The kura, which opened at the beginning of 2014 as one of the government's flagship charter schools, faced an immediate range of issues including drug use, low achievement, a falling roll and poor governance.

Ms Parata put the kura on notice in February last year. An audit the following month was followed by a order to the trust for a remedial plan. In a letter to the trust dated July 4, Ms Parata said she acknowledged the board had taken measures to address issues identified in the audit but they were not sufficient for her to "make a definite decision to keep the kura open".

She then set conditions the trust had to agree with if the school remained open. One condition was: "In the event of termination, realise the value of the land and chattels to reimburse the Crown for as much of the funds invested as possible."

Ms Parata said if both parties couldn't agree on the conditions she would issue a "Notice of Intent to Terminate the Agreement".

"I cannot state strongly enough that, given the seriousness of the shortcomings identified in the Specialist Audit, if I were not so concerned for the students and their transition to other educational opportunities, I would not be offering the board this final chance," she wrote.
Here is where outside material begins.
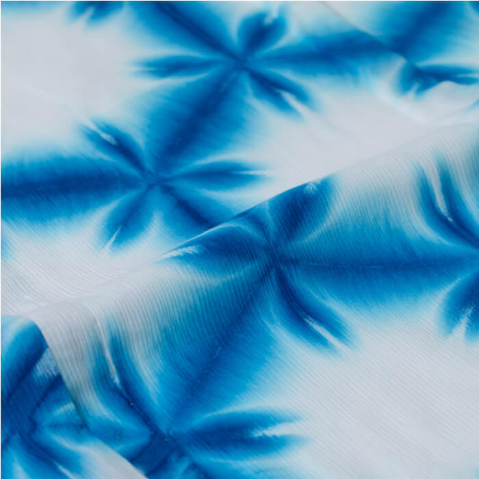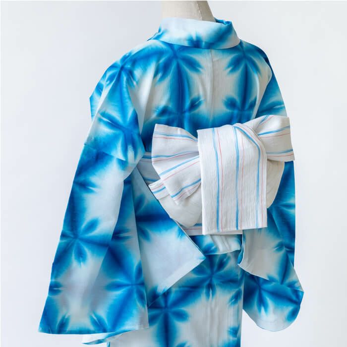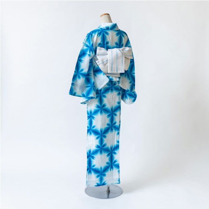 滲みによる色の濃淡が美しく、雪の結晶の様な柄で涼を誘う雪花絞りの浴衣です ターコイズブルーが爽やかな浴衣です |

Katrina Casey, Ministry of Education head of sector enable-ment and support, told the Northern Advocate that now a formal decision had been made about the kura, the ministry would "enter into formal negotiations with the trust around all elements of the closure".

Asked why negotiations were needed when the reimbursement of Crown funding was part of the agreement to keep the school open, Ms Parata said closing any school was complex.

Nga Parirau Matauranga Charitable Trust chairwoman Dee-Ann Brown said the trust would not be commenting.

Ms Casey said the kura had received $5,234,149.21 (excluding GST) in establishment and annual payments. Part of the recoverable sum includes funding paid for the first quarter of 2016. Ms Brown said the school owned land and buildings with a book value of $1.16 million and estimated sale value of $750,000.